BEGIN Recorded data

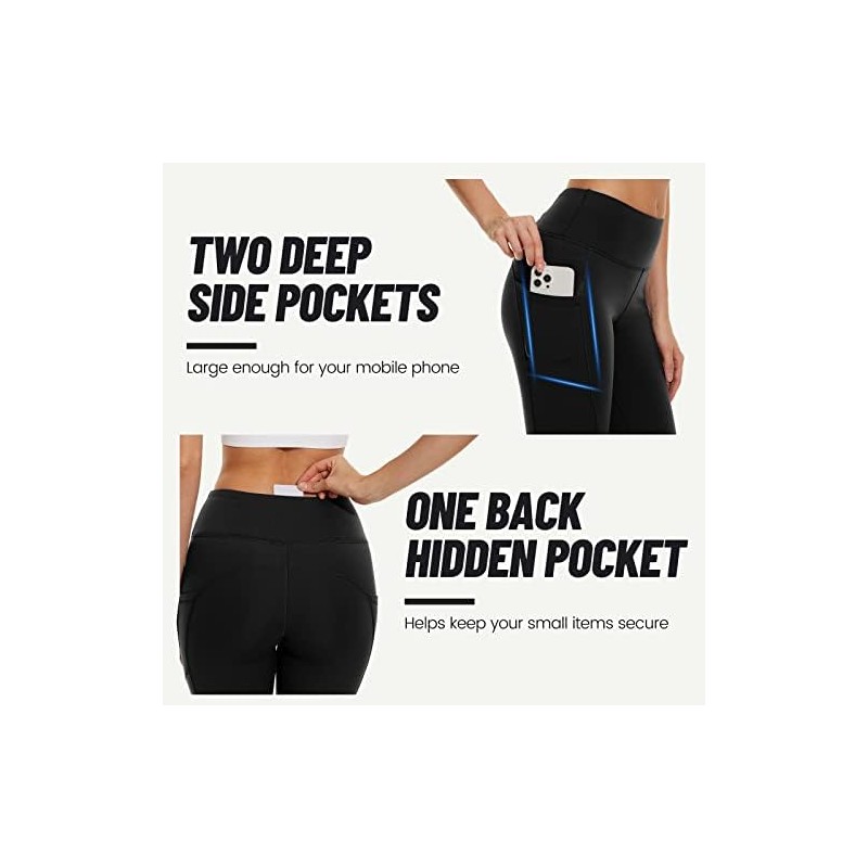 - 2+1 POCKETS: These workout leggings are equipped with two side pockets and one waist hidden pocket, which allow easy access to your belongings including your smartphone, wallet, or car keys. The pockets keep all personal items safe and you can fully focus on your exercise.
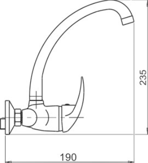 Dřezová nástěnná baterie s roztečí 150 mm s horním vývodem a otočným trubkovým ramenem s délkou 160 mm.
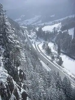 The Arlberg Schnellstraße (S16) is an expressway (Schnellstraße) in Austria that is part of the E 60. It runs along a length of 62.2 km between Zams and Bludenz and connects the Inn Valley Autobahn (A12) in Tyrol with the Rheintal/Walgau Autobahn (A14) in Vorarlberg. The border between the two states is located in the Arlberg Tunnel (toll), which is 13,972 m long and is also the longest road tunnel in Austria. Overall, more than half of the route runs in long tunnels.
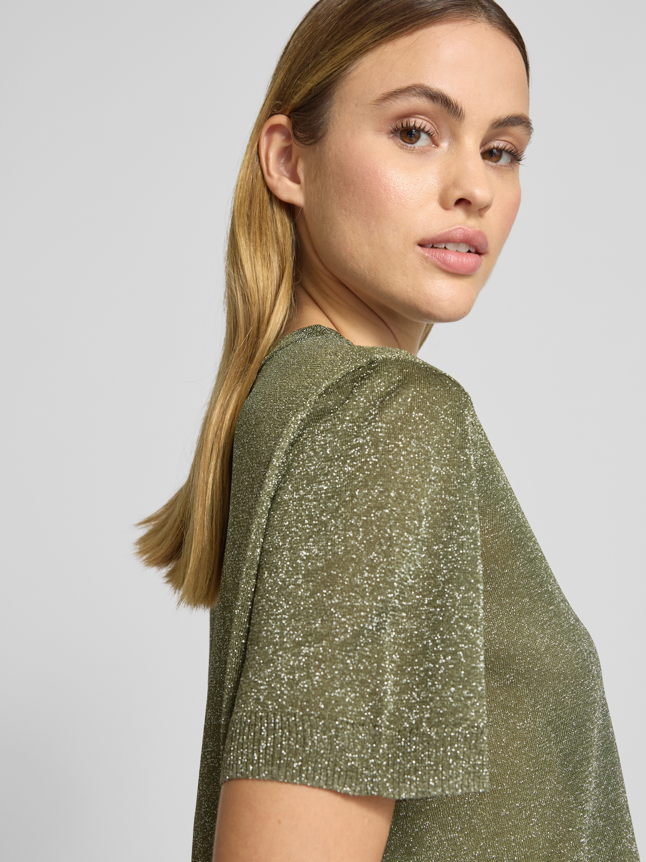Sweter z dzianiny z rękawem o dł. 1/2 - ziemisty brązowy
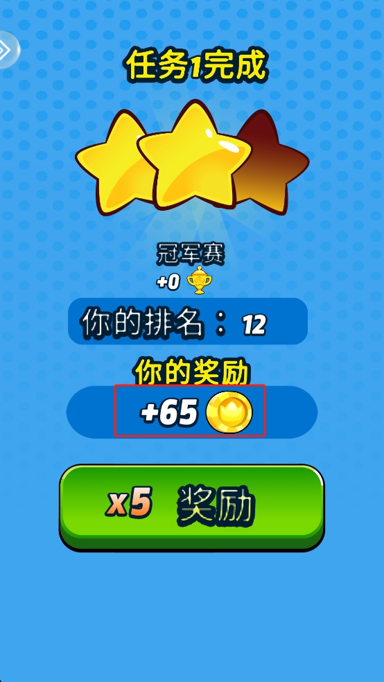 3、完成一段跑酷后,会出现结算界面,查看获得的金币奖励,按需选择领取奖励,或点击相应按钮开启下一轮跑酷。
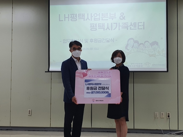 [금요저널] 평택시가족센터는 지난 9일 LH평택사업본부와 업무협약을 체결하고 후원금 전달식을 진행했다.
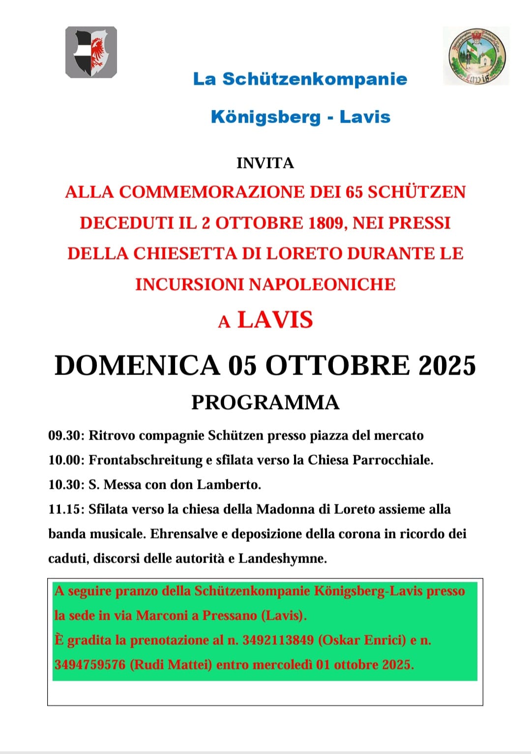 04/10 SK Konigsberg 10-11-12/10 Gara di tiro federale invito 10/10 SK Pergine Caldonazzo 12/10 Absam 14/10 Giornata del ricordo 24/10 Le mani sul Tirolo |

END Recorded data

Aim of the exercise | Quote every entry exactly, with the pictures omitted.

Response below |
 - 2+1 POCKETS: These workout leggings are equipped with two side pockets and one waist hidden pocket, which allow easy access to your belongings including your smartphone, wallet, or car keys. The pockets keep all personal items safe and you can fully focus on your exercise.
 Dřezová nástěnná baterie s roztečí 150 mm s horním vývodem a otočným trubkovým ramenem s délkou 160 mm.
 The Arlberg Schnellstraße (S16) is an expressway (Schnellstraße) in Austria that is part of the E 60. It runs along a length of 62.2 km between Zams and Bludenz and connects the Inn Valley Autobahn (A12) in Tyrol with the Rheintal/Walgau Autobahn (A14) in Vorarlberg. The border between the two states is located in the Arlberg Tunnel (toll), which is 13,972 m long and is also the longest road tunnel in Austria. Overall, more than half of the route runs in long tunnels.
Sweter z dzianiny z rękawem o dł. 1/2 - ziemisty brązowy
 3、完成一段跑酷后,会出现结算界面,查看获得的金币奖励,按需选择领取奖励,或点击相应按钮开启下一轮跑酷。
 [금요저널] 평택시가족센터는 지난 9일 LH평택사업본부와 업무협약을 체결하고 후원금 전달식을 진행했다.
 04/10 SK Konigsberg 10-11-12/10 Gara di tiro federale invito 10/10 SK Pergine Caldonazzo 12/10 Absam 14/10 Giornata del ricordo 24/10 Le mani sul Tirolo |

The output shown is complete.